2. Short provocation for a hyperphone
Sometimes there's a moment in conversations where someone says something, and that thing holds so much significance for the speaker and/or the listener, that one-track linear time can't contain all the ensuing thoughts and questions. It'd be cool if those moments could be given more space to unfold and to take a prominent place in the conversation.
3. Longer motivation for a hyperphone
Decoupling speaking and listening
Spoken conversation has some magic to it, that I don't know how to get from any single other medium (e.g. text). Text as a medium for conversation allows asynchronicity; you can comment on, point to, pin, and reread any part of the written record. It seems to me at some points in conversations about ideas, that it would be better to decouple the temporal progressions of speaking and listening, and enable non-linear progressions, as in text.
Multiple insistent movements
Alice says something. Bob is triggered about what Alice says, and interrupts Alice to express something from his triggeredness. So far this is all good and fine, we're just bringing things up to the surface so we can speak and think and feel them together.
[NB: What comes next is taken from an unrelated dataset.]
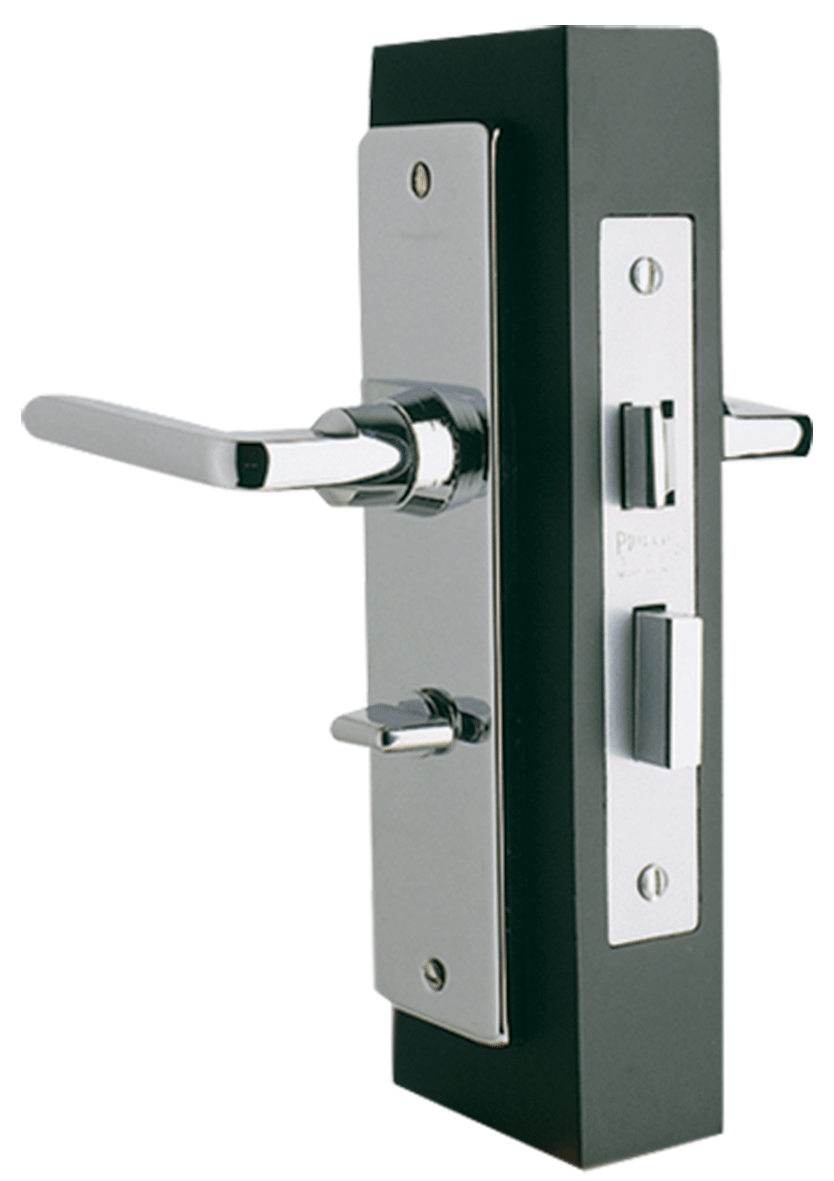Detalles: El cerrojo acciona con mariposa por el interior y llavín de emergencia por el exterior. El picaporte opera con manijas por ambos lados. Función: baño

But then something Bob says from his triggeredness triggers something in Alice. So, ok, now Alice wants to interrupt Bob. If she does so, then she could be accused, sometimes justly and sometimes unjustly, of adversarially interfering with Bob's processing. On the other hand, maybe Alice's triggeredness seems to her to have really been bound up with the fact that Bob interrupted what she was originally saying. In that case, it's Bob who perhaps is interfering with Alice's processing.
So now we are in an escalating conflict with ambiguous instigation, multiple urgent needs, and no clear priority or method for processing together. See also: esc. What to do? If Alice and Bob have a hyperphone, then here's what happens:
When Bob gets triggered, he presses pause on Alice. Alice keeps talking, but is alerted that Bob pressed pause. (She's learned, after a couple hours with the hyperphone, to smoothly decide whether to keep going or to wait for Bob.) Bob talks out what he's newly seeing. When he's done-for-now, he goes back and continues listening to Alice's original thought; and he can pause again, and speak again, if——as is likely, with a triggeredness——he didn't fully process it out on his own, but was able to see more by going back to the originally triggering line of thought. At the same time, Alice can listen to Bob's processing——or not, depending on context and Alice's and Bob's own specific norms, and depending on whether Bob labeled that branch as "actually, I figured it out and don't think I bid for you to listen to this as if I'd said it to you in real time". And so on.
Ephemeral glistening sentential artifacts
We're talking and thinking together. You've glimpsed something out of the corner of your eye——an apparent contradiction in your beliefs, a phenomenon that seems charmed, a trailhead, a handle on something that's been evading you, a way to tilt your perspective sideways and see things from a novel orientation. You struggle to say it, you make a few drive-by attempts that gesture in the direction or bite off a piece, but you haven't yet grasped the thing firmly enough that you're confident you'll remember the idea clearly——firmly enough that you can pull yourself up and sit on it, to reach further from there.
Then, in the interplay of our ideas, in a burst, you pull the pieces together, strung together like Odysseus's bow, in tension, but with a basic rough-and-ready integrity, at least for now. You speak a sentence that's an artifact. A faceted gemstone, hanging in the air between us, for us both to look at.
We'd wish to walk around the floating gemstone. We'd wish to view it from all sides, refract light through it from different directions, feel its edges, adjust its facets, compare it to our other ideas. We may, through collective effort, be able to sustain the gem there in the air at least for a time.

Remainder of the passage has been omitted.